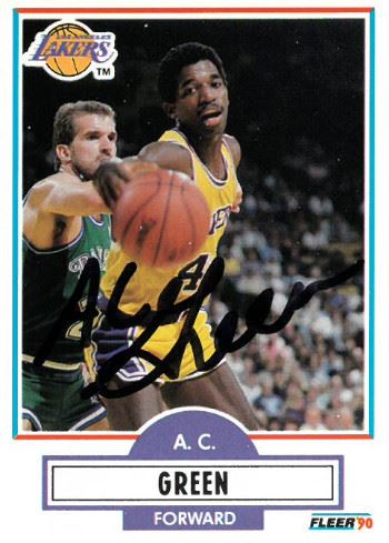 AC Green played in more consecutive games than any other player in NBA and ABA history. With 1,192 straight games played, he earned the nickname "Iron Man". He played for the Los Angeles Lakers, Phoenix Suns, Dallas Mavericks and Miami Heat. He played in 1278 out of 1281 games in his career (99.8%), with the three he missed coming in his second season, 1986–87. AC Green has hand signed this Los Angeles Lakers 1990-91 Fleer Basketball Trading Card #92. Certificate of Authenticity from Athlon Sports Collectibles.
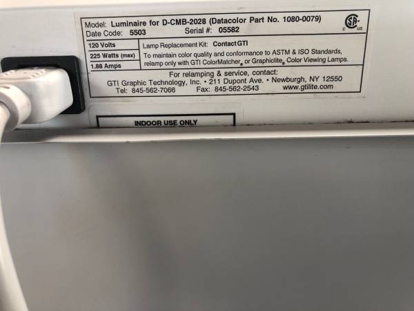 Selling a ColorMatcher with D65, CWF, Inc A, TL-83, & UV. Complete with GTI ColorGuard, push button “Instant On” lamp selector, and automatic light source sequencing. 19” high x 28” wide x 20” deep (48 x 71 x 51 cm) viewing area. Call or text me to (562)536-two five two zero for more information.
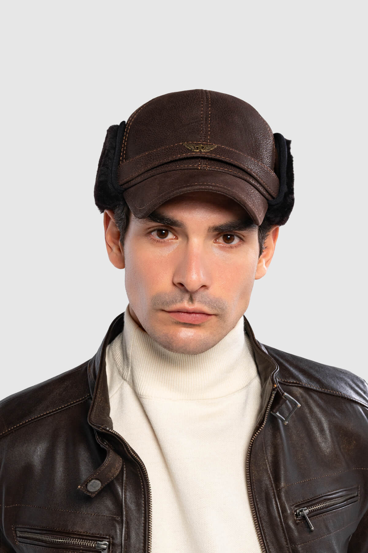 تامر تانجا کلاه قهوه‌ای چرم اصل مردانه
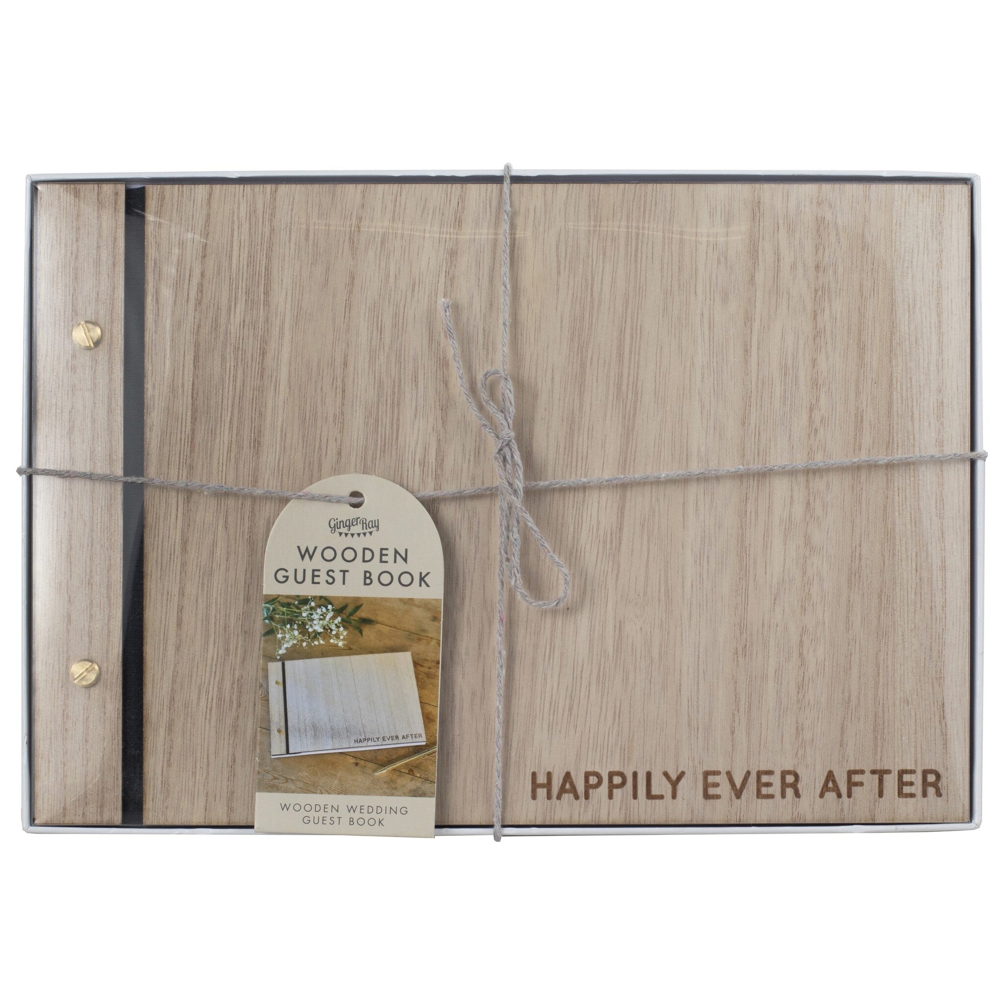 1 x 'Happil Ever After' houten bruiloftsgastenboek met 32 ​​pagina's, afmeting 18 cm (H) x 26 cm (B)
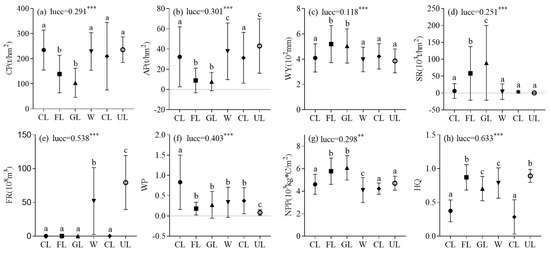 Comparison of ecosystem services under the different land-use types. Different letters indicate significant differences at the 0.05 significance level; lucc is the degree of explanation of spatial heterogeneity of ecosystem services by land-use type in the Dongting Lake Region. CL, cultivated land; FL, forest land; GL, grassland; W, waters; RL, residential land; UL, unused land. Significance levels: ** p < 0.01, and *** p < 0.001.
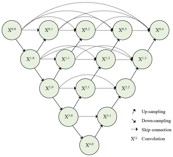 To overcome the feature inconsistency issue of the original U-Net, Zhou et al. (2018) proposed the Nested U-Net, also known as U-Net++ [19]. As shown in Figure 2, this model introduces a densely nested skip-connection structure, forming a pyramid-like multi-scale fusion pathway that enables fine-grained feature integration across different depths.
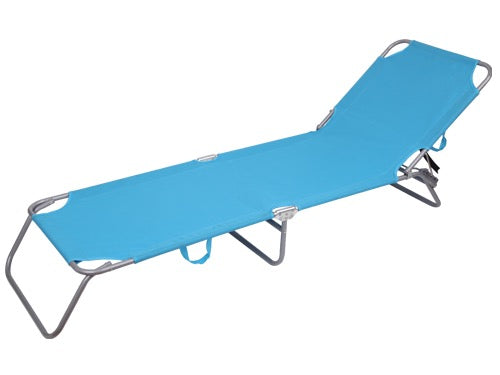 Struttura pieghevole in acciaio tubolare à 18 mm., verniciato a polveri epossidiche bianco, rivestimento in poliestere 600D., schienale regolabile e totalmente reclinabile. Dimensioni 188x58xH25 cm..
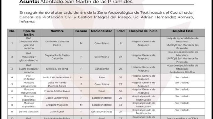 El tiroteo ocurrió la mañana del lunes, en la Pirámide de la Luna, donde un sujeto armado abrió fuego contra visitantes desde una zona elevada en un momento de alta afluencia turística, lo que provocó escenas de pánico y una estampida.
* * *
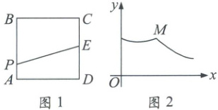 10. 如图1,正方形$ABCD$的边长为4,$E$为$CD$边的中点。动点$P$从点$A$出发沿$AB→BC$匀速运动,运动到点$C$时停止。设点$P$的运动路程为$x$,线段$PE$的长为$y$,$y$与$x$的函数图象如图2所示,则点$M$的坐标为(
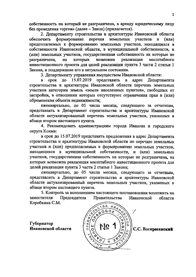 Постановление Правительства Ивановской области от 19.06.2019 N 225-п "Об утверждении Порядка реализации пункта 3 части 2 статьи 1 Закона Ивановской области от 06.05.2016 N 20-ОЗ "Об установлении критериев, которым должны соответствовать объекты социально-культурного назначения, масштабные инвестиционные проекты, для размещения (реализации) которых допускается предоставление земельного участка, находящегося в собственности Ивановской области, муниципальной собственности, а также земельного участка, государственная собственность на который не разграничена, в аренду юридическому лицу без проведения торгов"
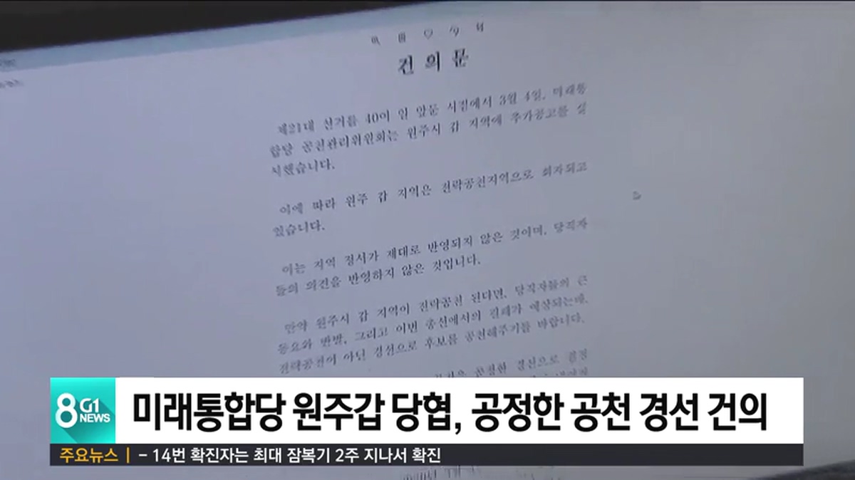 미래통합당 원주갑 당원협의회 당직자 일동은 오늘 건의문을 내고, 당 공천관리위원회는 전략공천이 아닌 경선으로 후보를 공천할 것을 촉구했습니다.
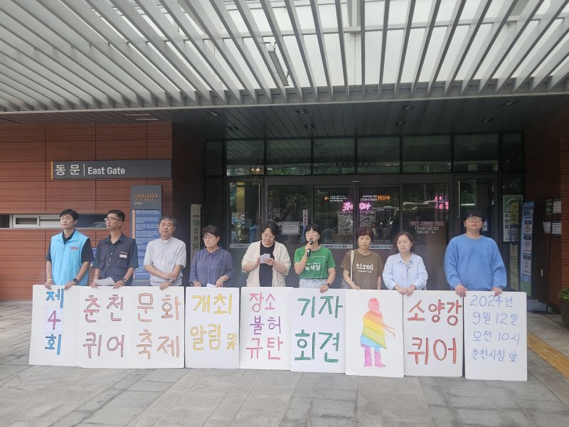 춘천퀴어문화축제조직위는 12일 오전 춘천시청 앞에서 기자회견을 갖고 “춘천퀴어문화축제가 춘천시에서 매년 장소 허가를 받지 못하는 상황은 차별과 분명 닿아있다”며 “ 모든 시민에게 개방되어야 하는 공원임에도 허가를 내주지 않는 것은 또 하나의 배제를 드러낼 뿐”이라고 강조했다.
---
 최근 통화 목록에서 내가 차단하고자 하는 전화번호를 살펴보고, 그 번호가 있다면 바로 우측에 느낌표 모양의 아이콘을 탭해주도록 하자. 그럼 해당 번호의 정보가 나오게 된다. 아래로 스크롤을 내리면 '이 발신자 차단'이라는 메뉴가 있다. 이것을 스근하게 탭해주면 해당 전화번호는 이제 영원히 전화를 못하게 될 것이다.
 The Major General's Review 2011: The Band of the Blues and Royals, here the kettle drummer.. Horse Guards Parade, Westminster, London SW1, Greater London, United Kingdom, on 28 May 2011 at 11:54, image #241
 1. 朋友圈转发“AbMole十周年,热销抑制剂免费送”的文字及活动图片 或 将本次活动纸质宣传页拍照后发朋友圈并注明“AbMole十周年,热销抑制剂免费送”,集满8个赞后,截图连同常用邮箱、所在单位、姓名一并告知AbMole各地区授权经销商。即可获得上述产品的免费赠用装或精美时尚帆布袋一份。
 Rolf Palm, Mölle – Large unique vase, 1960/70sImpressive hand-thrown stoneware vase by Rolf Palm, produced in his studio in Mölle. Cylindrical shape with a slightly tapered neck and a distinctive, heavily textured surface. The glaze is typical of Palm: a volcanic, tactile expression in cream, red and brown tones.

TASK DETAILS ::
With the pictures omitted, print the lines above exactly, beginning at the line with "Struttura pieghevole in" and going on through the line with "El tiroteo ocurrió".

OUTPUT ::
 Struttura pieghevole in acciaio tubolare à 18 mm., verniciato a polveri epossidiche bianco, rivestimento in poliestere 600D., schienale regolabile e totalmente reclinabile. Dimensioni 188x58xH25 cm..
 El tiroteo ocurrió la mañana del lunes, en la Pirámide de la Luna, donde un sujeto armado abrió fuego contra visitantes desde una zona elevada en un momento de alta afluencia turística, lo que provocó escenas de pánico y una estampida.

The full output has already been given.